Anti-discrimination laws are often toothless to begin with, weakened by hostile court rulings, or selectively enforced. They can also be repealed, as we’ve seen the GOP attempt to do with the Affordable Care Act. Under the Trump administration, civil rights laws are especially vulnerable. A constitutional amendment would be much harder to dilute or reverse — and there is fresh momentum behind it, thanks to a women’s movement reignited by our groper-in-chief.

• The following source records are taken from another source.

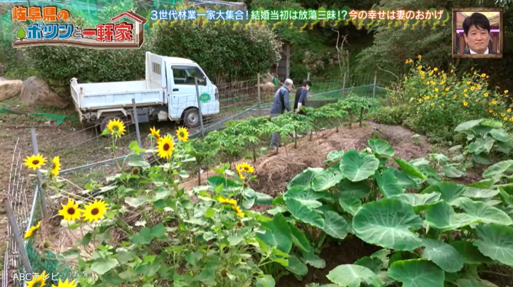 山をとことん楽しんでいるご主人は、農業にも稼業の経験を活かしていた。一般的にはパイプを使い横に栽培する自然薯(じねんじょ)を自然に近い縦に伸ばせるようにと、4tトラックの荷台を再利用して土を盛った。そうすることで粘り気が強く風味豊かな自然薯が育つという。掘り出すときには仕事で使う重機で荷台を持ち上げる。こんな栽培ができるのも、林業を手がけるご主人ならでは。なんと毎年550本を栽培。販売目的ではなく、社員やお世話になった人たち100人に配るという。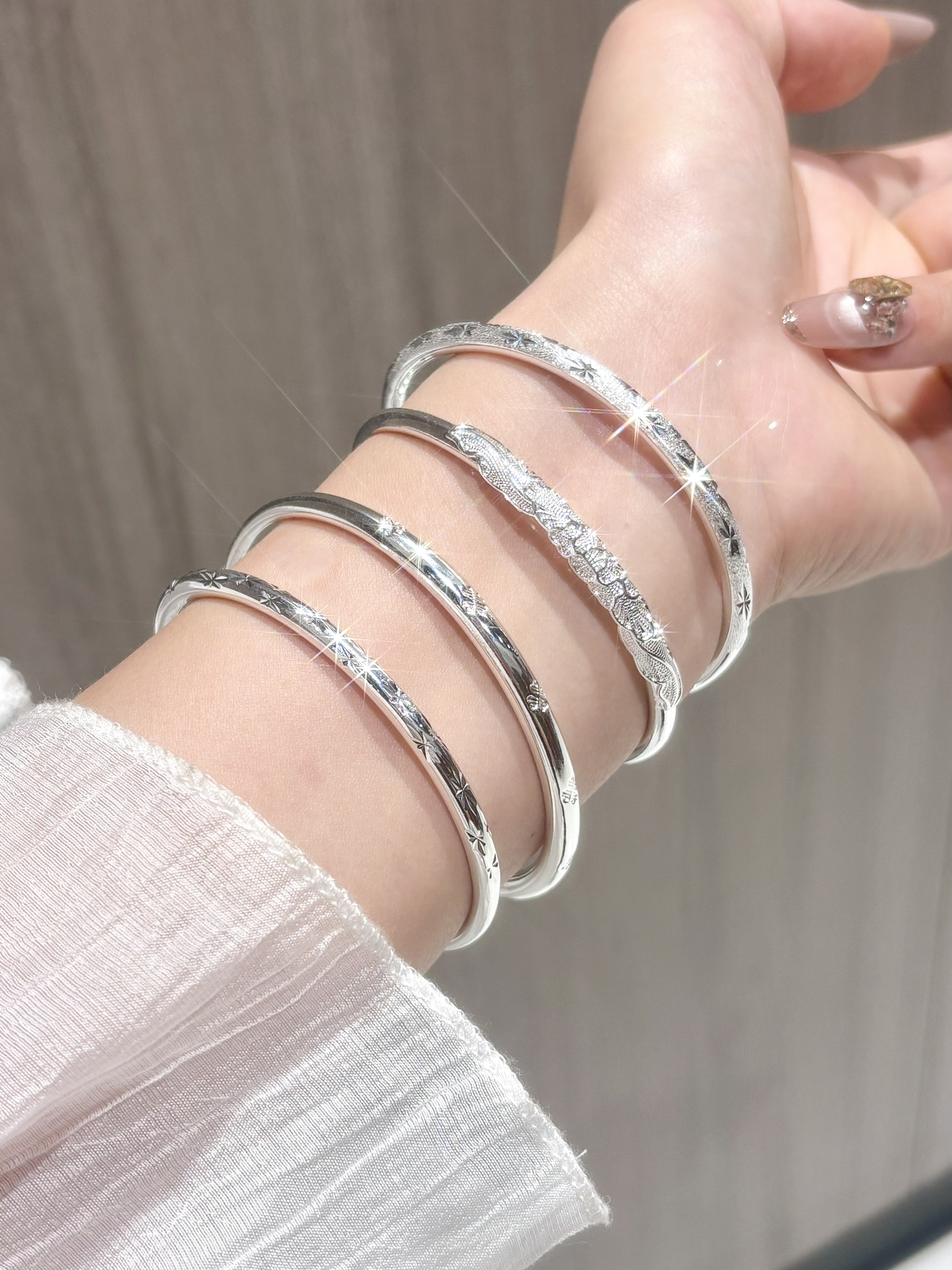 本篇笔记关联了吴越老银铺 满天星推拉足银手镯 1294431纯银 银色、珍尚银 古风繁花纪念日素圈推拉可调节实心花丝缠绕十二花神浮雕足银手镯 MSZ004 牡丹等商品,为用户提供真实的使用体验和购买参考。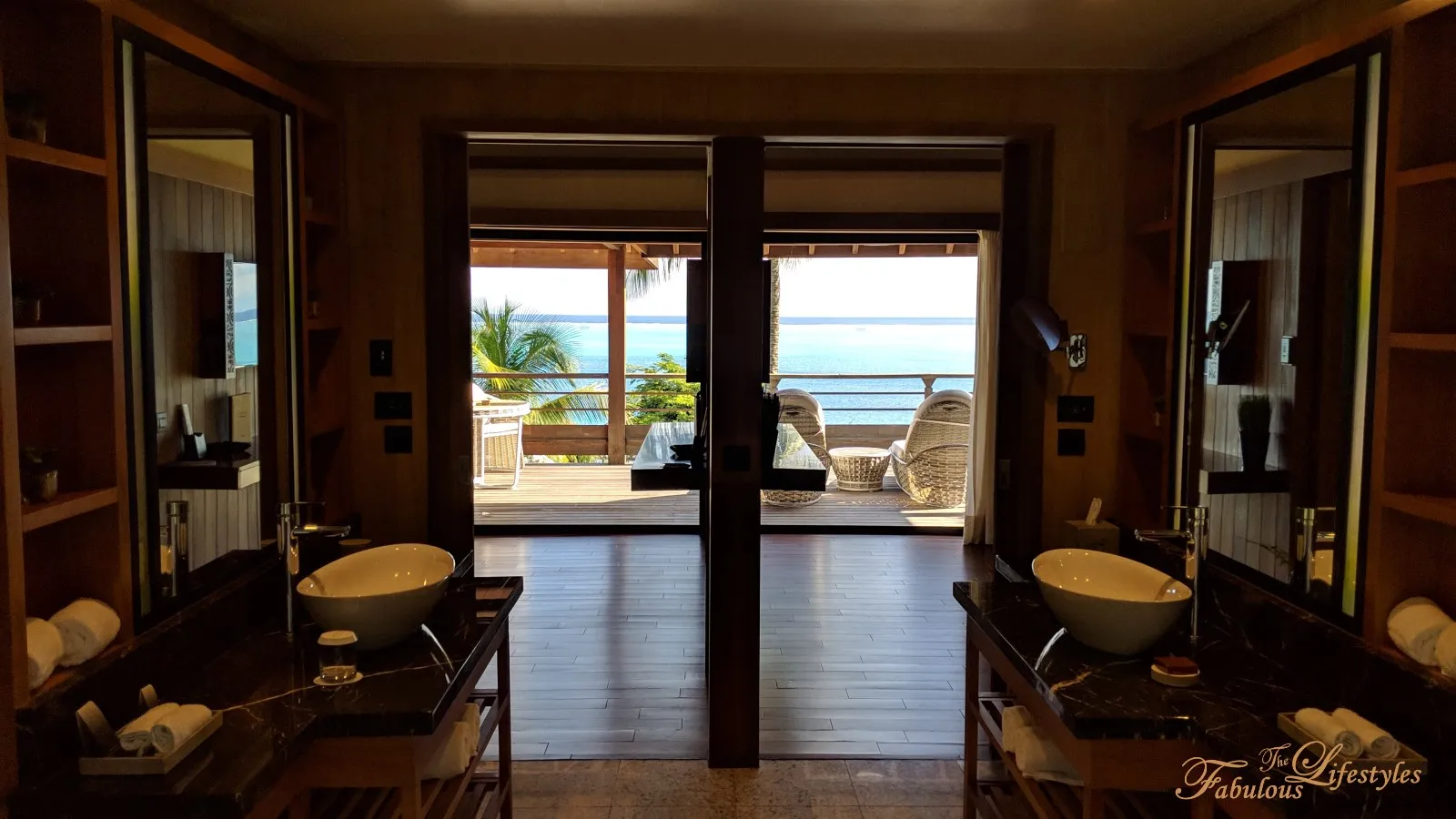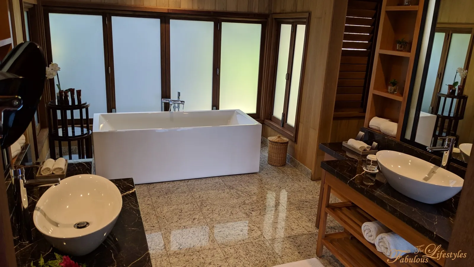 The overall space in the bathroom is slightly smaller than the one in the overwater bungalow, but it still features double vanities and a freestanding bathtub~ The design continues the room's resort cabin style, utilizing a generous amount of natural wood tones.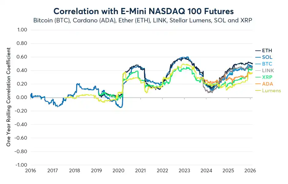 Research from CME Group points out that since 2020, the correlation between crypto assets and the Nasdaq 100 has been positive for a long time, and in some phases of early 2025 and 2026, the rolling correlation can reach approximately +0.35 to +0.6 (clearly阶段性, not constant).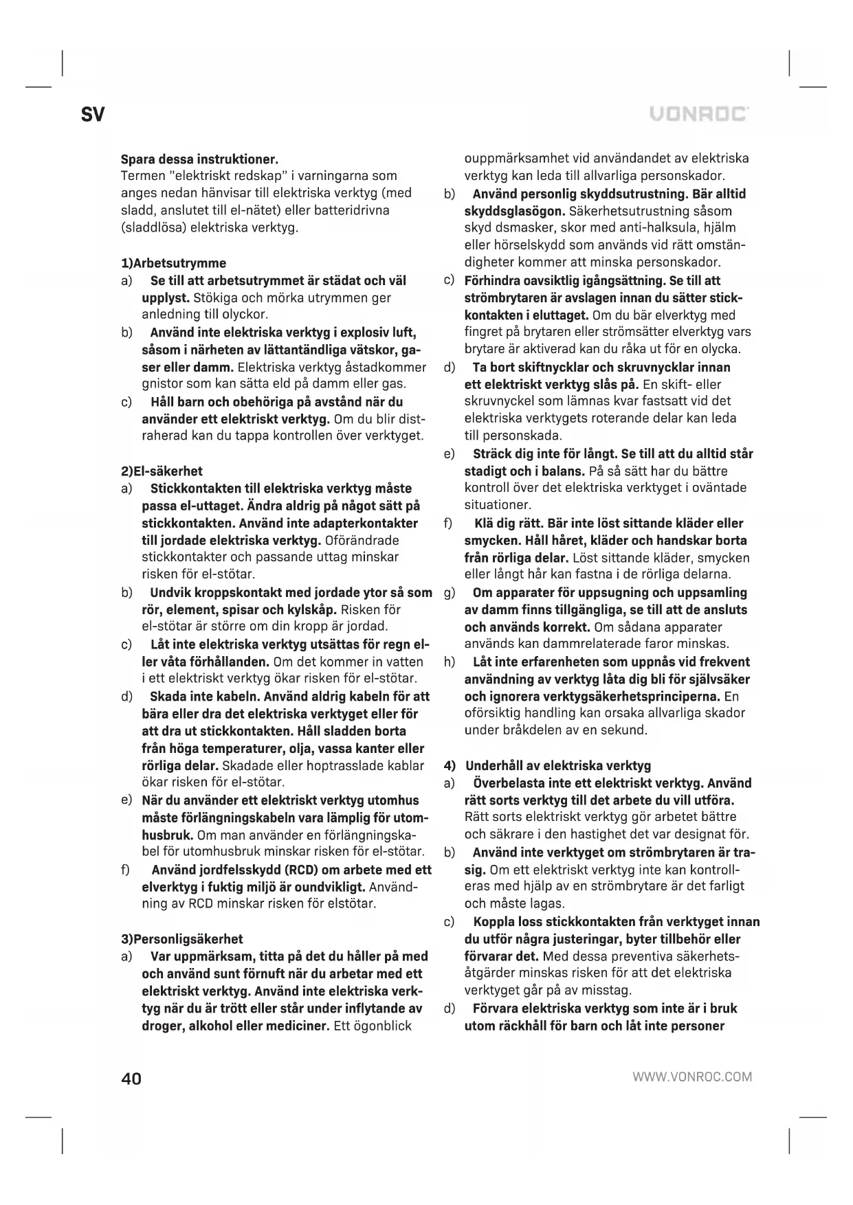 MILJÖ Felaktig och/eller kasserad elektrisk eller elektronisk utrustning måste lämnas in på lämpliga återvinningsstationer. Endast för EU-länder Kassera inte elverktyg i hushållsavfall. Enligt den europeiska riktlinjen 2012/19/EU om kasserad elektrisk och elektronisk utrustning och dess tillämpning i nationell rätt måste elverktyg som inte längre är användbara samlas in separat och kasseras på ett miljövänligt sätt. GARANTI VONROC produkter är utvecklade enligt högsta kva- litetsstandard och garanteras vara utan defekter både vad gäller material och tillverkning under den period som stipuleras enligt lag med början från ursprungligt inköpsdatum. Om något fel uppstår på produkten under denna period på grund av material- och/eller tillverkningsfel skall VONROC kontaktas direkt. Följande omständigheter exkluderas från denna garanti: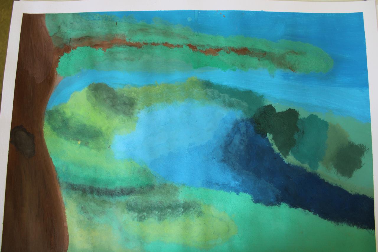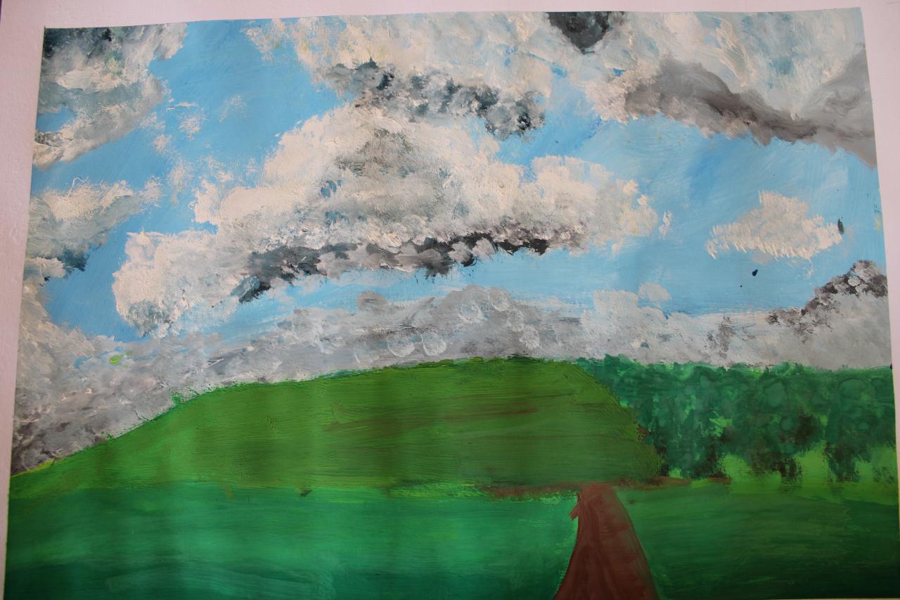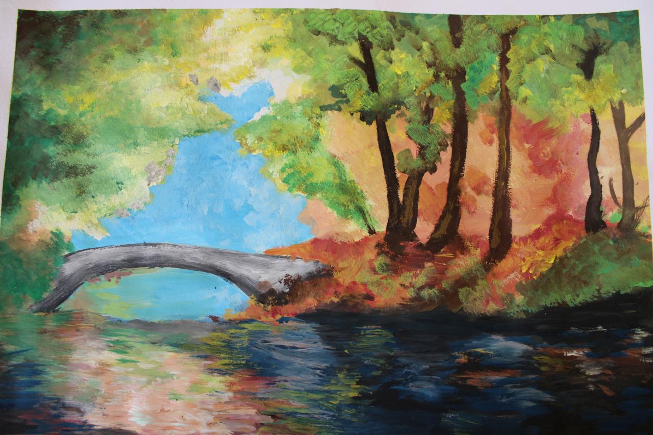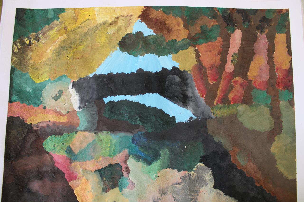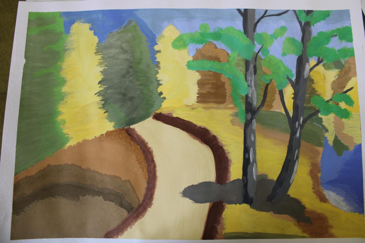 Podzimní krajina, tempera, 4.-6.roč.,-žáci p.uč.Langrové
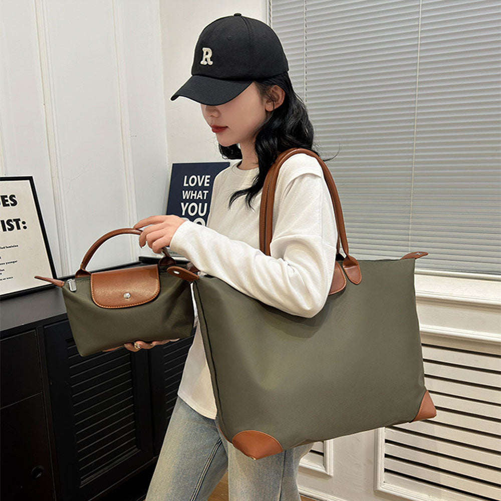 This stylish 2Pcs nylon handbag set includes a large tote and a matching smaller bag, perfect for travel, fitness, commuting, and daily use.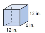 The area of a triangle with base of 6 inches and height of 12 inches.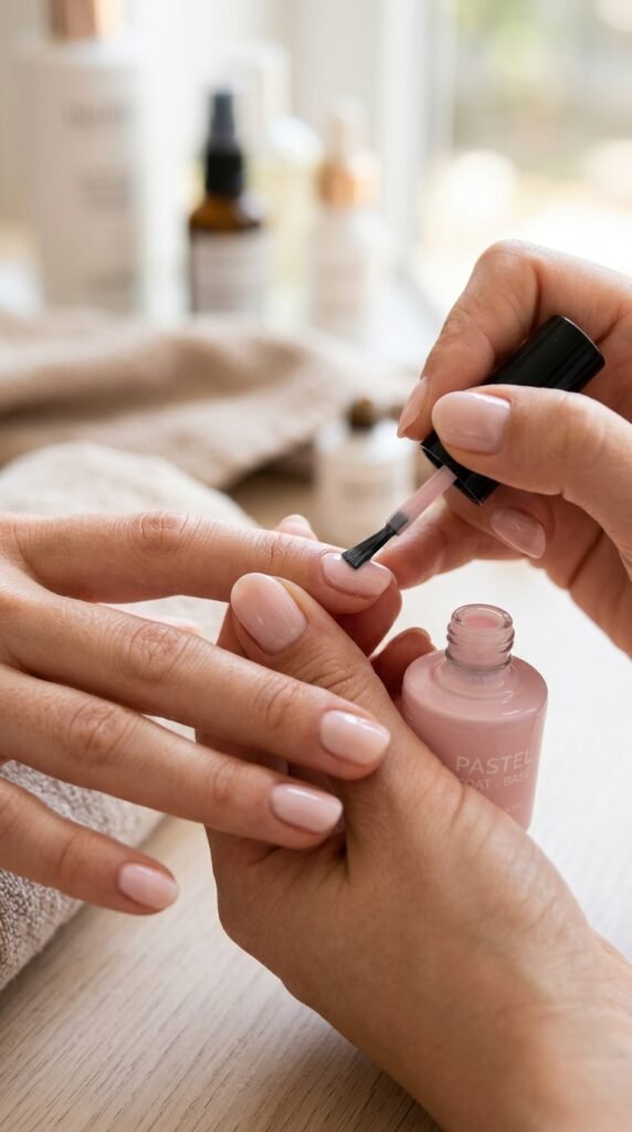 Apply a base coat to protect your nails and create a smooth surface. This step is simple but makes a big difference.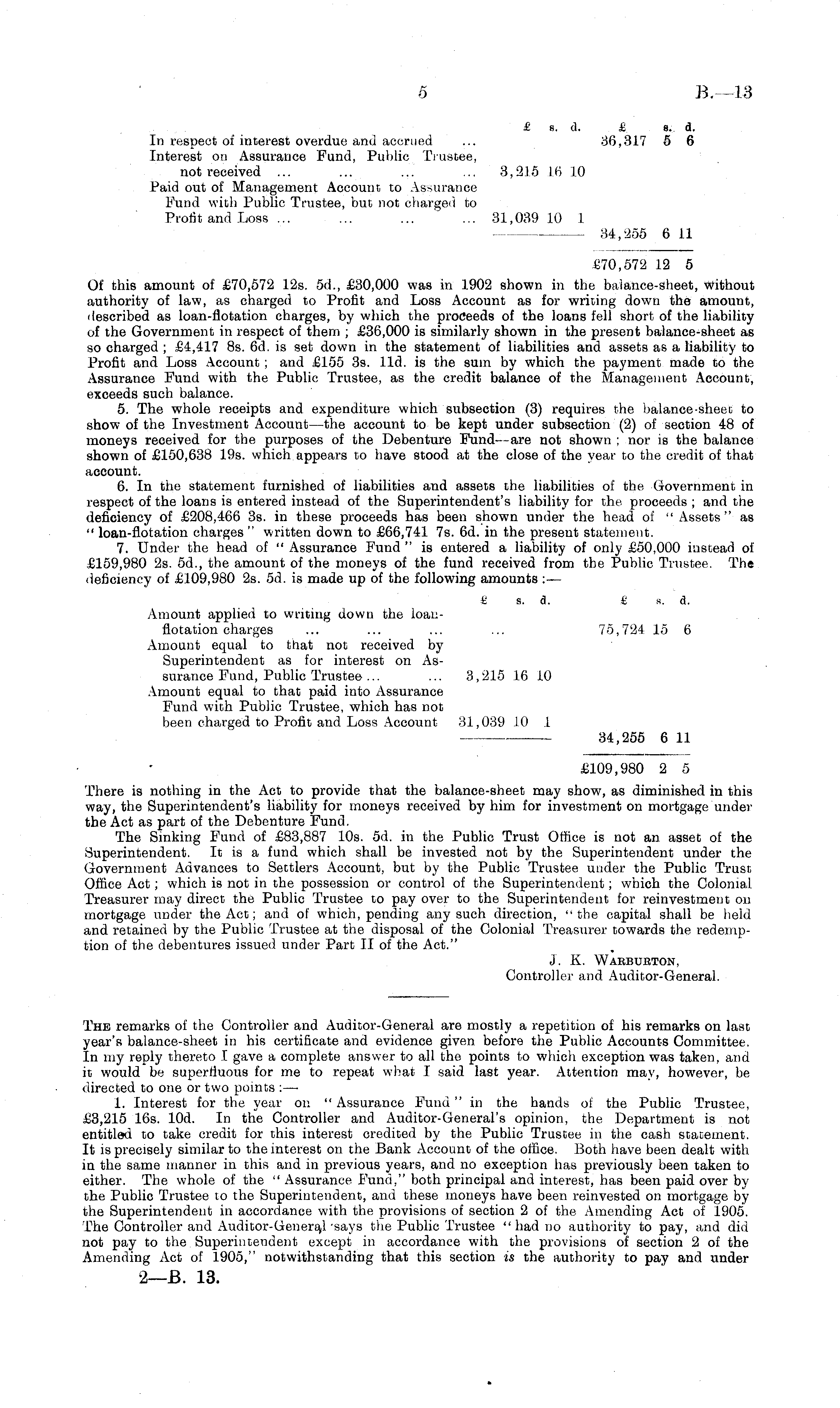 £ b. a. £ s. d. In respect of interest overdue and accrued ... 36,317 5 6 Interest on Assurance Fund, Public Trustee, not received ... ... ... ... 3,215 16 10 Paid out of Management Account to Assurance Fund with Public Trustee, but not charged to Profit and Loss ... ... ... ... 31,039 10 1 34,255 6 II £70,572 12 5 Of this amount of £70,572 12s. 5d., £30,000 was in 1902 shown in the balance-sheet, without authority of law, as charged to Profit and Loss Account as for writing down the amount, described as loan-flotation charges, by which the proceeds of the loans fell short of the liability of the Government in respect of them ; £36,000 is similarly shown in the present balance-sheet as so charged ; £4,417 Bs. 6d. is set down in the statement of liabilities and assets as a liability to Profit and Loss Account ; and £155 3s. lid. is the sum by which the payment made to the Assurance Fund with the Public Trustee, as the credit balance of the Management Account, exceeds such balance. 5. The whole receipts and expenditure which subsection (3) requires the balance-sheet to show of the Investment Account—the account to be kept under subsection (2) of section 48 of moneys received for the purposes of the Debenture Fund—are not shown ; nor is the balance shown of £150,638 19s. which appears to have stood at the close of the year to the credit of that account. 6. In the statement furnished of liabilities and assets the liabilities of the Government in respect of the loans is entered instead of the Superintendent's liability for the, proceeds ; and the deficiency of £208,466 3s. in these proceeds has been shown under the head of "Assets" as " loan-flotation charges " written down to £66,741 7s. 6d. in the present statement. 7. Under the head of " Assurance Fund " is entered a liability of only £50,000 instead of £159,980 2s. 5d., the amount of the moneys of the fund received from the Public Trustee. The deficiency of £109,980 2s. sd. is made up of the following amounts : — £ s. d. £ s. d. Amount applied to writing down the loanflotation charges ... ... ... ... 75,724 15 6 Amount equal to that not received by Superintendent as for interest on Assurance Fund, Public Trustee ... ... 3,215 1.6 10 Amount equal to that paid into Assurance Fund with Public Trustee, which has not been charged to Profit and Loss Account 31,039 1.0 1 — 34,255 6 11 £109,980 2 5 There is nothing in the Act to provide that the balance-sheet may show, as diminished in this way, the Superintendent's liability for moneys received by him for investment on mortgage under the Act as part of the Debenture Fund. The Sinking Fund of £83,887 10s. sd. in the Public Trust Office is not an asset of the Superintendent. It is a fund which shall be invested not by the Superintendent under the Government Advances to Settlers Account, but by the Public Trustee under the Public Trust Office Act; which is not in the possession or control of the Superintendent; which the Colonial Treasurer may direct the Public Trustee to pay over to the Superintendent for reinvestment on mortgage under the Act; and of which, pending any such direction, "the capital shall be held and retained by the Public Trustee at the disposal of the Colonial Treasurer towards the redemption of the debentures issued under Part II of the Act." J. K. Warburton, Controller and Auditor-General.

Our contemporary understanding of equality is broader than it was when the amendment was first conceived. Women still want equal pay for equal work and equal access to higher-paying jobs. But we also want support for working mothers, including paid maternity and family leave and state-subsidized child care; equality for single, lesbian and queer women and families that don’t include men; the right to control our bodies; and freedom from gender-based violence.
“If I could choose an amendment to add to the Constitution, it would be the Equal Rights Amendment,” Justice Ruth Bader Ginsburg said in 2014. “I would like my granddaughters, when they pick up the Constitution, to see that notion – that women and men are persons of equal stature – I’d like them to see that is a basic principle of our society.”
The ERA could have secured economic justice for Tracy Rexroat. It could pave the way for all women to enjoy the same rights as the men who wrote the Constitution. And it has the full-throated support of the Notorious RBG. What more are we waiting for?